Wednesday, April 16, 2014

The Telegraph's "Top 20 Books You Should Read"

Perhaps almost as bad as book burning and book censorship...are lists of "Books You Should Read."

Not every book, even a classic, is going to enthrall every reader. Even if we're talking about classic literature that is full of adventure and anecdotal humor ("Treasure Island" and "Huckleberry Finn" come to mind), these great books might not interest every age group or ethnic group. Camus' "The Stranger" might be over the heads of some, and "Tell-Tale Heart and Selected Short Stories of Poe" might possibly be irrelevant to people in a country where racial hatred and violence is the norm, and there's no interest in symbolism or pondering existential neurosis. Why kill? Why not!

There's also a question of whether to include a book that's just a "good read" and escapist fun, like, oh, "And Then There Were None" by Agatha Christie, or other tomes that simply encourage a reader to sit down and let imagination take over.

None of the four books I've mentioned made it to The Telegraph (UK newspaper) Top 40...while Things Fall Apart by Chinua Achebe and Cranford by Elizabeth Gaskell did. At least Twain and Camus managed to land inside the limit of the Top 100!

You might think the list was slanted as the "Top 100 Books British People Should Read," based on an interest in British topics as well as what is considered "classic" literature, but very American authors made the lower regions of the list; Updike, Steinbeck and Salinger. Joseph Heller's "Catch 22" arrived at #77 and Jack Kerouac's "On the Road" at #87, not too far from the low-ranked "The Stranger" at # 82.

Below? I'm just quoting the Top 20, which will keep you busy enough!

20 Tristram Shandy by Laurence Sterne
Samuel Johnson thought Sterne’s bawdy, experimental novel was too odd to last. Pah!

19 The War of the Worlds by HG Wells
Bloodsucking Martian invaders are wiped out by a dose of the sniffles.

18 Scoop by Evelyn Waugh
Waugh based the hapless junior reporter in this journalistic farce on former Telegraph editor Bill Deedes.

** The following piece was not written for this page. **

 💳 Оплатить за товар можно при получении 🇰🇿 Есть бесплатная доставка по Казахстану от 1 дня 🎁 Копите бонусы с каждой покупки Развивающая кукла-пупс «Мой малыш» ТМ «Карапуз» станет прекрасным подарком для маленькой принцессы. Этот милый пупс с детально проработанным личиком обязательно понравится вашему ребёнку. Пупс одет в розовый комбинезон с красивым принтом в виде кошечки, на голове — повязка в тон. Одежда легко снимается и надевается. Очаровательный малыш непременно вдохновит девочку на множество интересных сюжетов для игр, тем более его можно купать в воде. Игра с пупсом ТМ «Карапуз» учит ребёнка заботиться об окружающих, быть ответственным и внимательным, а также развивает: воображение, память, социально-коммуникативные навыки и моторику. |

17 Tess of the D’Urbervilles by Thomas Hardy
Sexual double standards are held up to the cold, Wessex light in this rural tragedy.

16 Brighton Rock by Graham Greene
A seaside sociopath mucks up murder and marriage in Greene’s literary Punch and Judy show.

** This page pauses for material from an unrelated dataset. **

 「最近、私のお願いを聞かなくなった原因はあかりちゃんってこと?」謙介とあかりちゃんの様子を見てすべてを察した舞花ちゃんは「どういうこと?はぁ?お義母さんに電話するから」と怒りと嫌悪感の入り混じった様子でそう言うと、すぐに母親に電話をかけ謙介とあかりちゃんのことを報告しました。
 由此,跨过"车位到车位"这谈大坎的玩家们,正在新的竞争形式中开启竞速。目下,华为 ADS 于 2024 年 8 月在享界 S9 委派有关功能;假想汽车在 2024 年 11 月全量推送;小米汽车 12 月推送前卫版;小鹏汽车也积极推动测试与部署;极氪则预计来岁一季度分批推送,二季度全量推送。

15 The Code of the Woosters by PG Wodehouse
A scrape-prone toff and pals are suavely manipulated by his gentleman’s personal gentleman.

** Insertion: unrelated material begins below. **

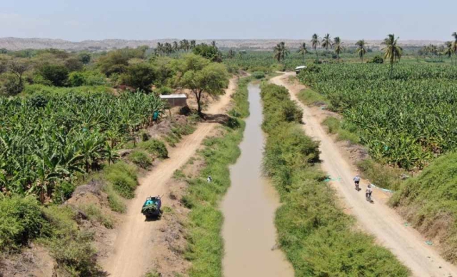 El canal Miguel Checa es el más antiguo e importante infraestructura de riego del Valle del Chira. Tiene una longitud de 78.5 kilómetros. Sus aguas discurren directamente sobre tierra y gran parte se filtra durante el recorrido. Se estima que las pérdidas de agua alcanzan los 350 millones de metros cúbicos al año.

14 Wuthering Heights by Emily Brontë
Out on the winding, windy moors Cathy and Heathcliff become each other’s “souls”. Then he storms off.

13 David Copperfield by Charles Dickens
Debt and deception in Dickens’s semi-autobiographical Bildungsroman crammed with cads, creeps and capital fellows.

12 Robinson Crusoe by Daniel Defoe
A slave trader is shipwrecked but finds God, and a native to convert, on a desert island.

11 Pride and Prejudice by Jane Austen
Every proud posh boy deserves a prejudiced girl. And a stately pile.

10 Don Quixote by Miguel de Cervantes
Picaresque tale about quinquagenarian gent on a skinny horse tilting at windmills.

9 Mrs Dalloway by Virginia Woolf
Septimus’s suicide doesn’t spoil our heroine’s stream-of-consciousness party.

8 Disgrace by JM Coetzee
An English professor in post-apartheid South Africa loses everything after seducing a student.

7 Jane Eyre by Charlotte Brontë
Poor and obscure and plain as she is, Mr Rochester wants to marry her. Illegally.

6 In Search of Lost Time by Marcel Proust
Seven-volume meditation on memory, featuring literature’s most celebrated lemony cake.

5 Heart of Darkness by Joseph Conrad
“The conquest of the earth,” said Conrad, “is not a pretty thing.”

4 The Portrait of a Lady by Henry James
An American heiress in Europe “affronts her destiny” by marrying an adulterous egoist.

3 Anna Karenina by Leo Tolstoy
Tolstoy’s doomed adulteress grew from a daydream of “a bare exquisite aristocratic elbow”.

2 Moby-Dick by Herman Melville
Monomaniacal Captain Ahab seeks vengeance on the white whale which ate his leg.

1 Middlemarch by George Eliot
“One of the few English novels written for grown-up people,” said Virginia Woolf.